Entel acquisition. I'm just wondering if we're thinking about it the right way, really trying to understand if the Entel deal will require any sort of, incremental, financing upon close or whether that's just, straight contribution when it closes. Thanks.

Keith Taylor
CFO, Equinix

Great questions. Let me first start with just the overall performance of the business. The green bond that we just did, as you know, the face yield is 3.9%, but we put treasury locks in place in the end of last year and the beginning of this year, and so we're able to trade it down to a ten-year term at 3.35%. Exceedingly pleased with the performance of that transaction. That effectively fully funded the acquisition of Entel and MainOne.

As we noted in the results, though, there's you know, when we are, when we apportion the income, the increased interest expense this year relative to the two acquisitions, $8 million of it was allocated to MainOne, and the other $22 million is running through our books right now. Now, we've absorbed the cost. It's sitting there, it's in our GIC. It would be yet to report the you know, the addition of the Entel acquisition.

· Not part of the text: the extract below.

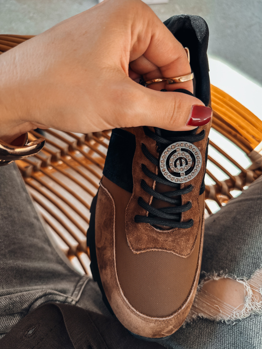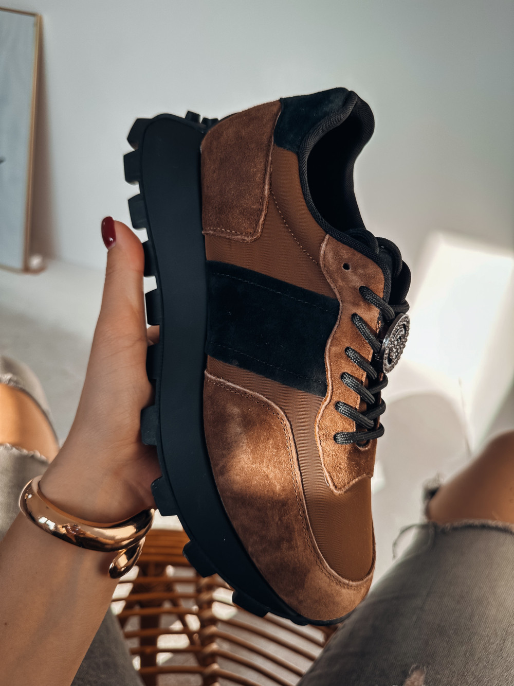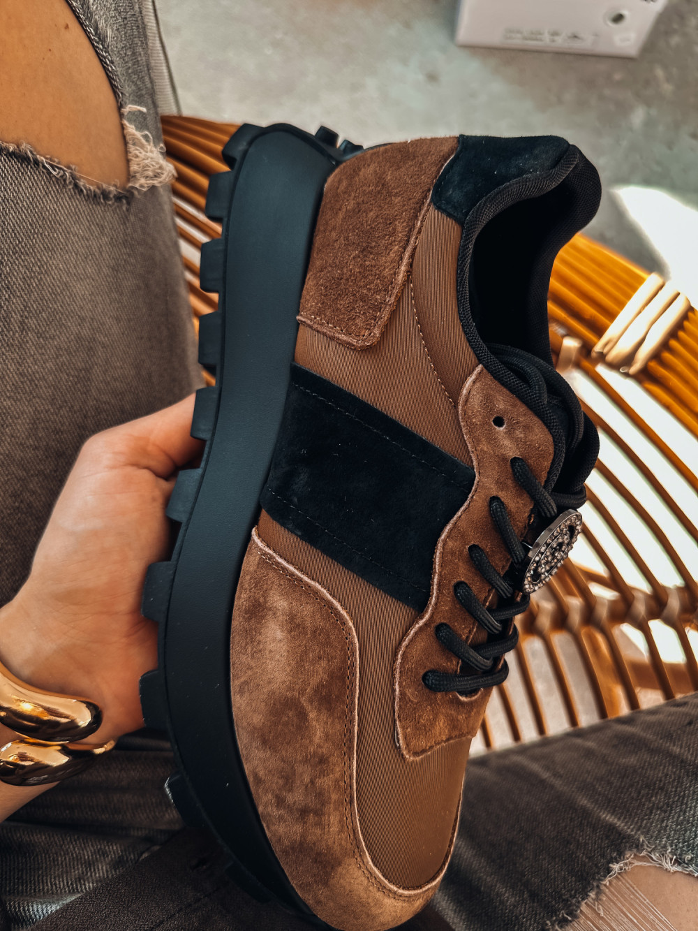 Czekoladowe sneakersy ze skóry zamszowej Goodin

That will happen sometime in the second quarter, the May, June timeframe. As a result, you're gonna get the net benefit of that. Effectively, what you're saying is you know, you've already funded the cost side of the equation and yet you haven't enjoyed the, if you will, the income side of the equation yet. That's that.

As it relates to overall sort of our capital management. You know, we do have the flexibility. We're 3.8 times levered right now as a business. As we look forward, we still feel that, you know, the leverage in the 4+ range is appropriate. We've got more flexibility with our three rating agencies, and we're very thankful for that. We've got the flexibility to draw down on debt. We think, debt is, despite the rising interest rates as of late, still a cheaper source of capital for us, and hence why we took $1.2 billion off the table in April. We're looking obviously at other debt, you know, debt transactions over some period of time. Europe seems to be a good place given the differential in borrowing rates.

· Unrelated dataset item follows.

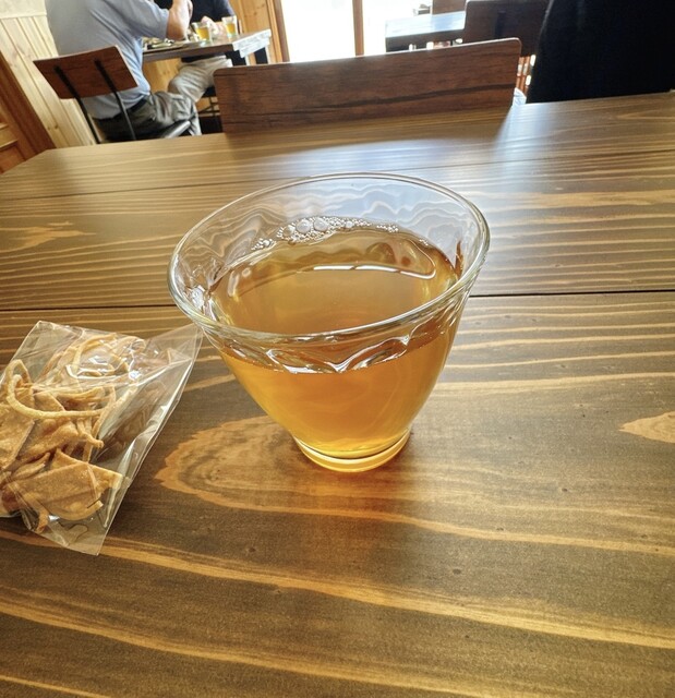 「お冷やはセルフです、待つ間にどうぞ」と袋入りの蕎麦菓子を貰った

You know, we always will use a blend of debt and equity, largely because that's what we do, and I think that's what allows us to have the strength in which Charles referred to before. We can transact with a strong balance sheet with great success given how we've structured ourselves. The only other thing I'll say is we are looking forward. You know, just because what we fund today, we also are looking forward into 2023 and 2024. What is the capital needs of the business? We're maintaining that flexibility as we look forward and, you know, in periods of great volatility, we always like to strike, as I said in my prepared remarks, when we think it's appropriate to raise the capital.

You know, given the strong balance sheet, we've used that flexibility and gone into the markets at times that we've chosen. That's been very, very effective to us on a long-term basis. All that is a long-winded response. I say that we have great flexibility. We're absorbing costs today without the income attached to them, and I'm excited about the opportunity on a go-forward basis. The business is performing exceedingly well, and it's gonna give us an opportunity to continue to fund the growth that we see in the business. I'll stop there.

Speaker 15

That's great. I really appreciate all that color. Thanks.

Keith Taylor
CFO, Equinix

This concludes our Q1 call. Thank you for joining us.

Operator

This concludes today's conference. Thank you for participating. You may disconnect at this time.